# Look what I found!



## Otter (Jan 15, 2008)

Frontier House! All the episodes!
http://stagevu.com/video/hnumcvpkgqpe

My DD was thrilled to watch this. DH and and I about split a gut laughing though when she said "Can we do something like that?" 
We told her 'Go outside!"
Seriously, as we watched, DH and I were actually JEALOUS of all the tools they had! While we do have a fridge and running water (huge, huge advantages, don't get me wrong) we kept thinking _Look at that saw! They each have a scythe! What a nice washboard!_ LOL, my washboard is an old wire fridge shelf.

Our house is a shell. Right now I'm cooking on a plug-in wok (extension cord, we need to finish wiring) or a campfire (no big dutch oven for me though) I'd love one of those woodstoves.... I'd trade the fridge and water heater for it! 
We found it very inspiring.


----------



## mammabooh (Sep 1, 2004)

My hubby tries his best to keep me from seeing stuff like that. He repeats quite often "I don't WANNA be a pioneer!".


----------



## Jeni (Mar 24, 2010)

Sweet! I've been looking for this for a long time!! I wanted my husband to watch it, he missed it while over seas when it originally aired.


----------



## Suzyq2u (May 17, 2010)

I loved that show! We've been waiting for the library to get it back in, watched the Colonial house to pass the time  Thanks for the link!


----------



## Ohio dreamer (Apr 6, 2006)

Thanks, I think the kids and I will watch this to help us "gently" move back into school mode.

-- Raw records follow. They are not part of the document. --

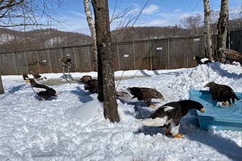 ケージ内はワシ達が過ごしやすいように、手作業で除雪を行います。
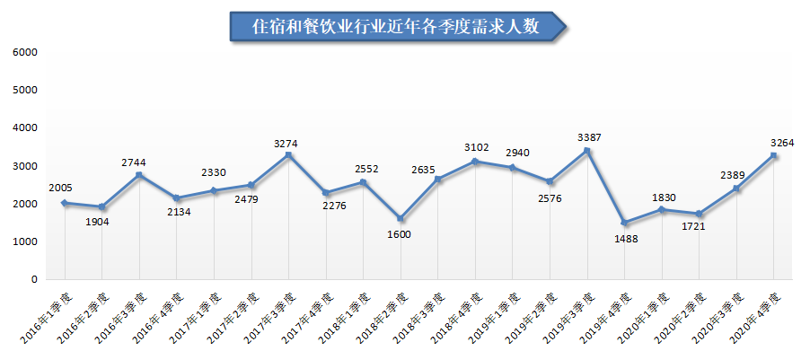 3.住宿和餐饮业人才需求大幅回升,其需求人才数为3264人,与去年同期的1488人相比增加1776人,同比涨幅达到119.35%,环比涨幅为36.63%。其中餐饮行业的人才需求增长较大,需求人才数为2828人,比上年同期增加1500人,同比涨幅达到112.95%,环比涨幅为36.55%。
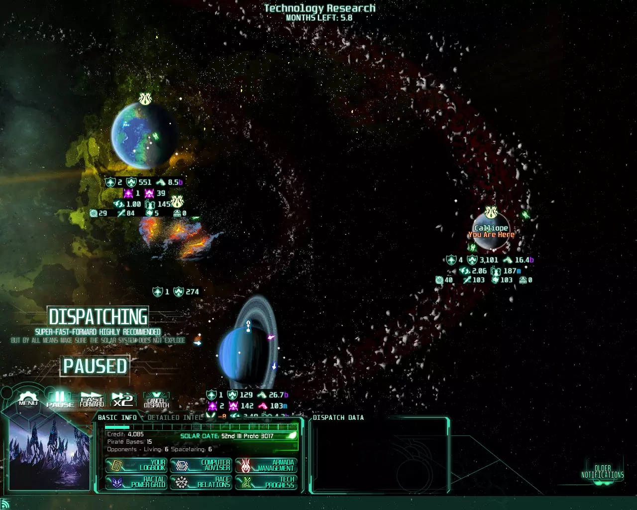 在此菜单中,你可以看到舰队实力从1到100不等,右侧数值是AI海德拉舰队的相对值,已添加科技修正。 3)初始舰队不会移动,这是因为防御舰队的被动效果会使其获得2倍加成,一旦移动,该加成将消失。 从截图中可以看到,我的主星名为卡利俄佩,舰队火力为900,而其他舰队在满功率时均为450,因此你必须始终保留1支舰队防守母星,以抵御AI。 策略 1)你从一个弱小的星球和少量机器人开始,因此必须首先与至少1到2个关系值至少为+50的势力结盟,条件是它们通常只有1颗星球。通常我会选择埃夫克人和佩尔蒂安人,原因我会在后面解释。2) 一旦你获得了这些盟友,就可以按照以下非常重要的顺序开始征服: - 首先占领已被摧毁的海德拉星球(奖励:你的星球获得1.5倍加成,其他势力难以获得反制建筑,轻松获利),不要让任何人夺回它,这是复仇的第一步。 - 你需要资金,摧毁那些海盗基地很容易获得3500信用点,相当于3.5个月的研究经费。 - 占领那个夺走海德拉星球的势力的星球,复仇迫在眉睫!
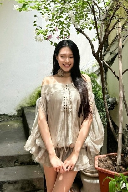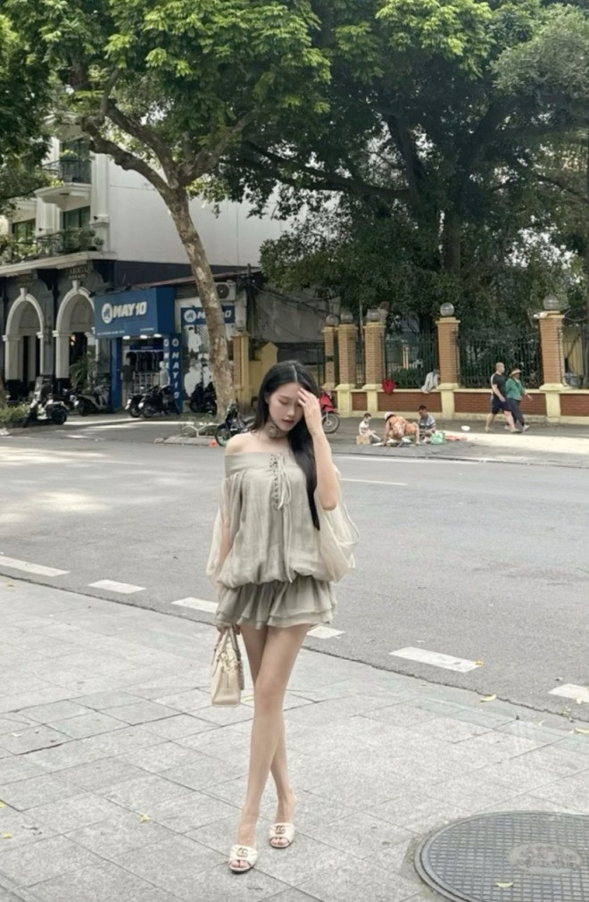 Mới đây, cô khoe loạt ảnh thả dáng trên phố trong mẫu váy điệu đà của một thương hiệu thời trang trong nước. Thiết kế phía trên trễ vai, phía dưới siêu ngắn giúp Doãn Hải My khoe được vóc dáng mảnh dẻ của mình.
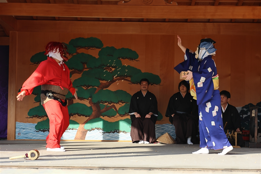 鬼に豆を投げつけて退散させる

Is this the one they did in Canada? I don't think I remember them doing one in the US...but then we were out of the country for a few years and may have missed it.


----------



## ovsfarm (Jan 14, 2003)

Frontier House is the one they did in the US. I would love to see the long version of the one from Canada, I think it was called Pioneer Quest. They made a heavily edited/shortened version that is available in some libraries but I would like to see the original. If anyone has a link for that, let me know!

Other shows that are similar: Colony House (Plymouth type), Texas Ranch House (1870's or so), 1900's House, and 1940's House, and Manor House. There may be more. Depending on how young your dc are and how sensitive, you might want to prescreen before viewing. As I recall, there is occasionally some violence (killing animals for food) and some references to sex or birth control.


----------



## Pauline (Jan 28, 2003)

you can get all of them thru netflix as well we have been watching them here to add to our summer studies even though the kids are going to public school this year


----------